Work order: What is needed is the exact text of each line in the listing below from the one with "The Meadow Gal" up to and including the one with "Suspension contemporaine ajourée", and no pictures.

Input data:

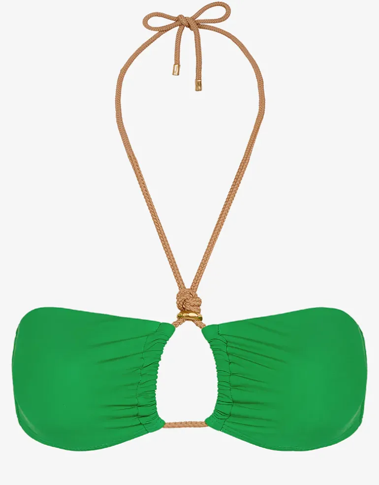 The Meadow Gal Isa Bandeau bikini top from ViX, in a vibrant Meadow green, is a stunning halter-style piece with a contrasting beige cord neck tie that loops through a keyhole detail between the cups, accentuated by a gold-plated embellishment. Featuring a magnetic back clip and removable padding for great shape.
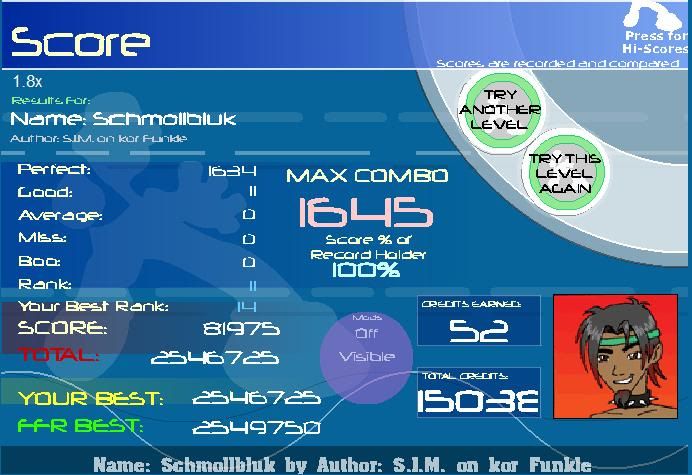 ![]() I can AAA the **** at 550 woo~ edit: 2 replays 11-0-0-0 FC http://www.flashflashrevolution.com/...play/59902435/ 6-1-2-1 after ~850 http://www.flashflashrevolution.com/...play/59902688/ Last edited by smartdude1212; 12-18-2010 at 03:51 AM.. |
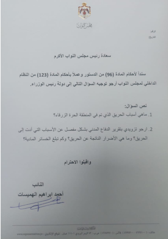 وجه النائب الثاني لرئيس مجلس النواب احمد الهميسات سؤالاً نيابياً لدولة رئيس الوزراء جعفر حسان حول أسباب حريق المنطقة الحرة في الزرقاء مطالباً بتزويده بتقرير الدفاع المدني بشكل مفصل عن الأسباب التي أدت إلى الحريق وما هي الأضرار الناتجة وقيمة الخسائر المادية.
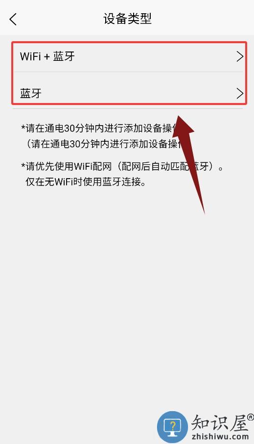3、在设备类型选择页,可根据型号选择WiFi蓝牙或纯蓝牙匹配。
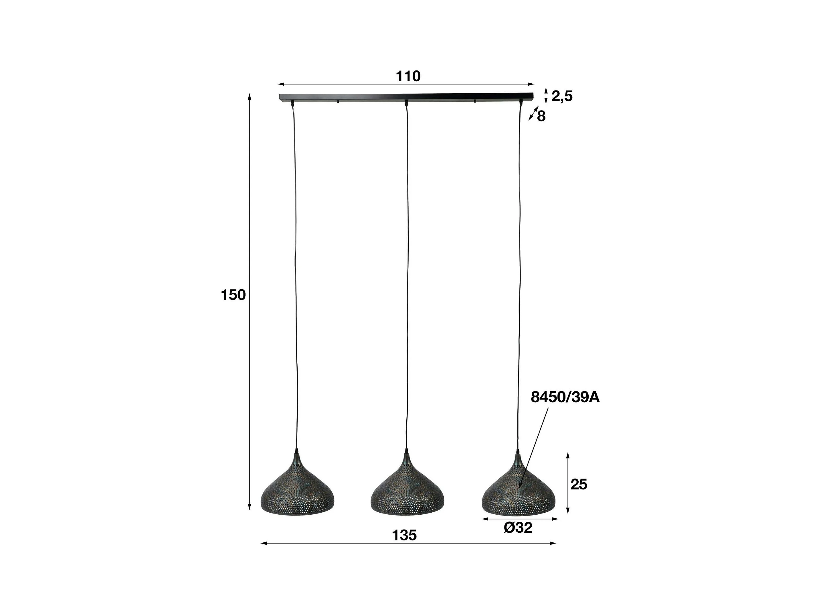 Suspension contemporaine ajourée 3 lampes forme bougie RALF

---

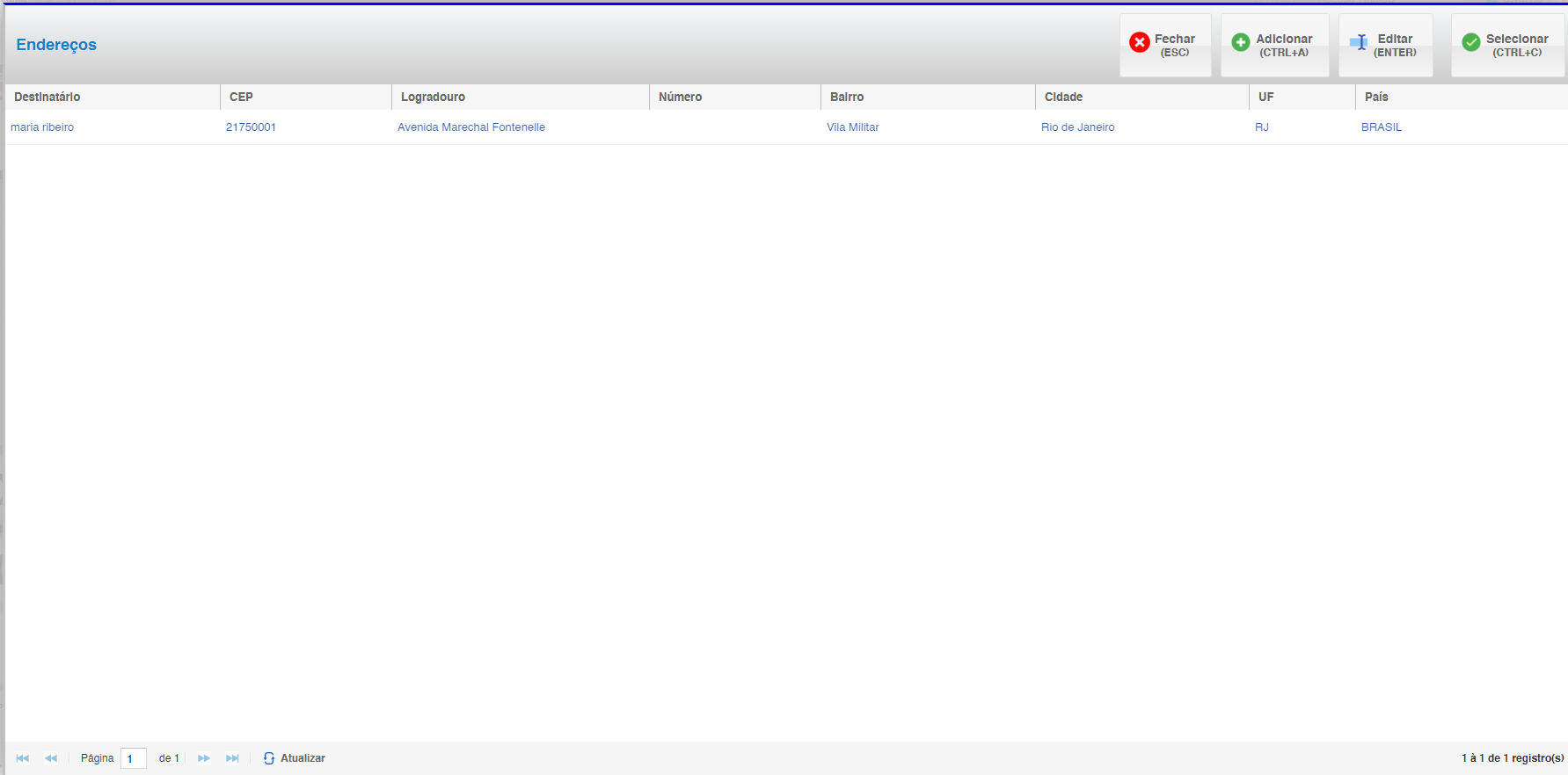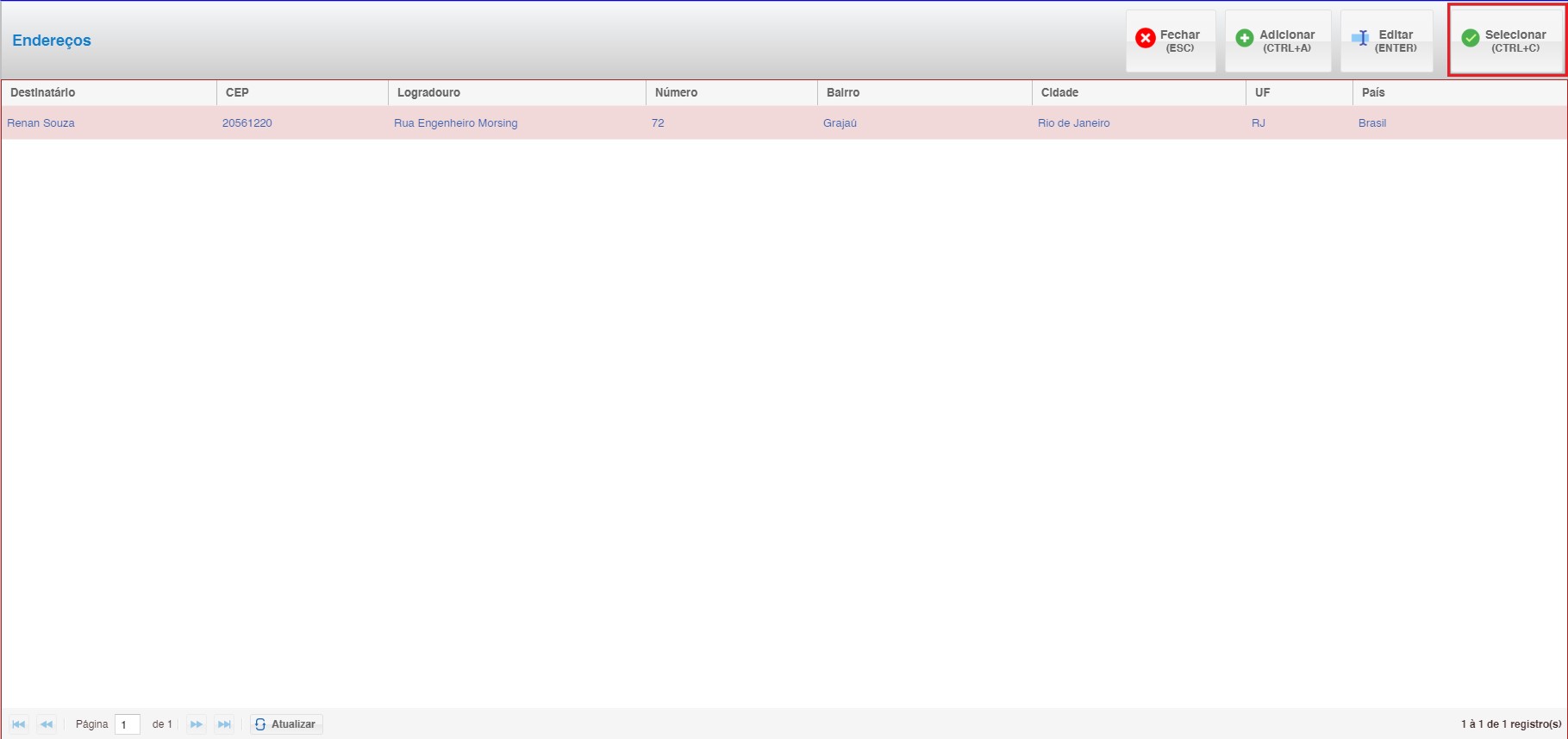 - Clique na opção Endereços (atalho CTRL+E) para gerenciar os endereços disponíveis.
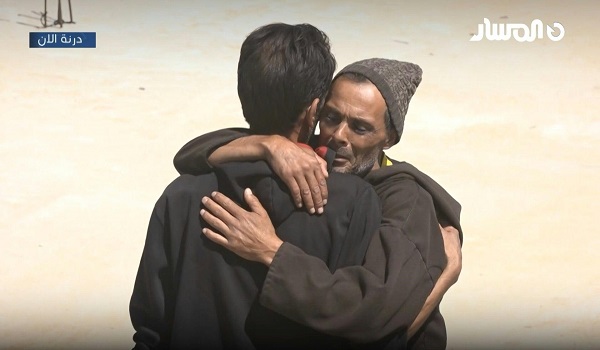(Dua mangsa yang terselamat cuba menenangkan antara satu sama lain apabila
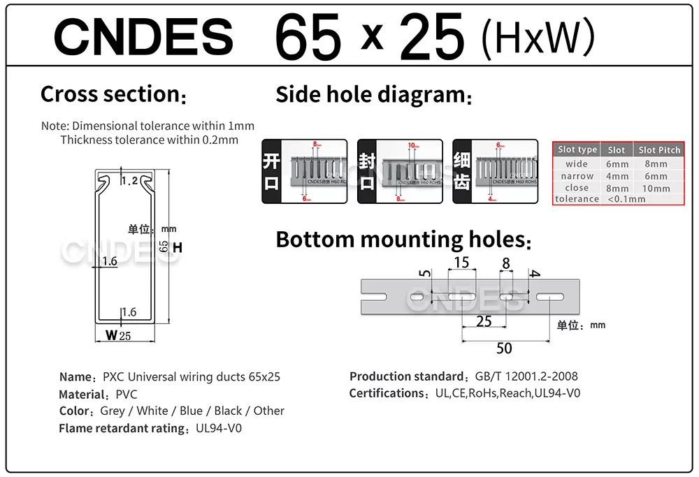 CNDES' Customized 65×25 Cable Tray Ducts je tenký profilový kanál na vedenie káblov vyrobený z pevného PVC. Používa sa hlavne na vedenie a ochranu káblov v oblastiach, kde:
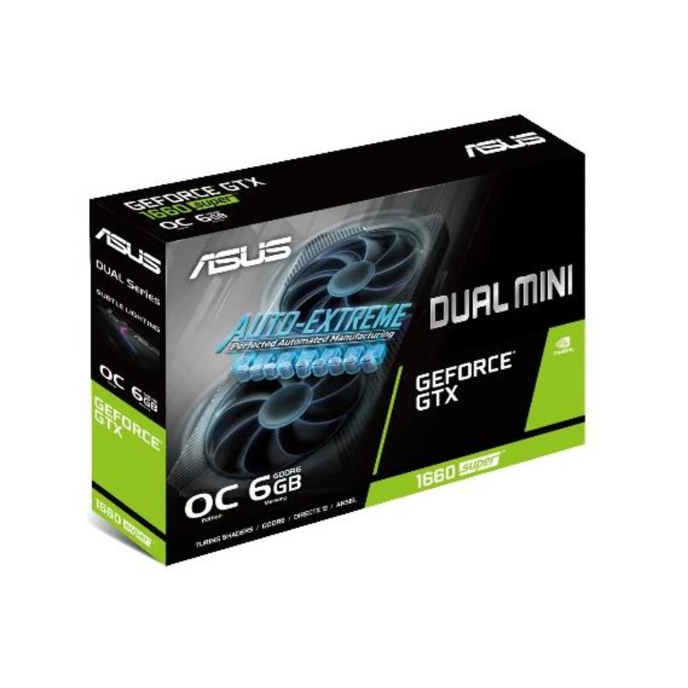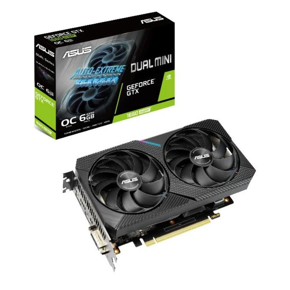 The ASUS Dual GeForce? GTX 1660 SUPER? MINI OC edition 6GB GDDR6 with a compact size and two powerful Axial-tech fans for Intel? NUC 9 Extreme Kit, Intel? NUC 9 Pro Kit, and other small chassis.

--

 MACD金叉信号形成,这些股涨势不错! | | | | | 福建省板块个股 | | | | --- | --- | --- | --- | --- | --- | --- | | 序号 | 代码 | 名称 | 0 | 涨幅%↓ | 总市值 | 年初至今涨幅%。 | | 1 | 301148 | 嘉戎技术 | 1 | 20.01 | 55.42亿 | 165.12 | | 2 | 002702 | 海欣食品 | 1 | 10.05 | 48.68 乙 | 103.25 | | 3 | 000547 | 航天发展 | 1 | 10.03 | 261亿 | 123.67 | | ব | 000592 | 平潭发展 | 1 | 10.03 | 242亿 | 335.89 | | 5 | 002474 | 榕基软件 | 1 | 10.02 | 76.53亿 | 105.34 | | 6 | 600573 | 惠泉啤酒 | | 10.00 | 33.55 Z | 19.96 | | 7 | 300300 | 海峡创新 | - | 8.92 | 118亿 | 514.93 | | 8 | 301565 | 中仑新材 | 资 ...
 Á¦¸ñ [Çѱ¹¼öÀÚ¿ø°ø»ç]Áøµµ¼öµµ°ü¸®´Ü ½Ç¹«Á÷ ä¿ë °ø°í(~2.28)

Solved exercise:
 The Meadow Gal Isa Bandeau bikini top from ViX, in a vibrant Meadow green, is a stunning halter-style piece with a contrasting beige cord neck tie that loops through a keyhole detail between the cups, accentuated by a gold-plated embellishment. Featuring a magnetic back clip and removable padding for great shape.
 ![]() I can AAA the **** at 550 woo~ edit: 2 replays 11-0-0-0 FC http://www.flashflashrevolution.com/...play/59902435/ 6-1-2-1 after ~850 http://www.flashflashrevolution.com/...play/59902688/ Last edited by smartdude1212; 12-18-2010 at 03:51 AM.. |
 وجه النائب الثاني لرئيس مجلس النواب احمد الهميسات سؤالاً نيابياً لدولة رئيس الوزراء جعفر حسان حول أسباب حريق المنطقة الحرة في الزرقاء مطالباً بتزويده بتقرير الدفاع المدني بشكل مفصل عن الأسباب التي أدت إلى الحريق وما هي الأضرار الناتجة وقيمة الخسائر المادية.
3、在设备类型选择页,可根据型号选择WiFi蓝牙或纯蓝牙匹配。
 Suspension contemporaine ajourée 3 lampes forme bougie RALF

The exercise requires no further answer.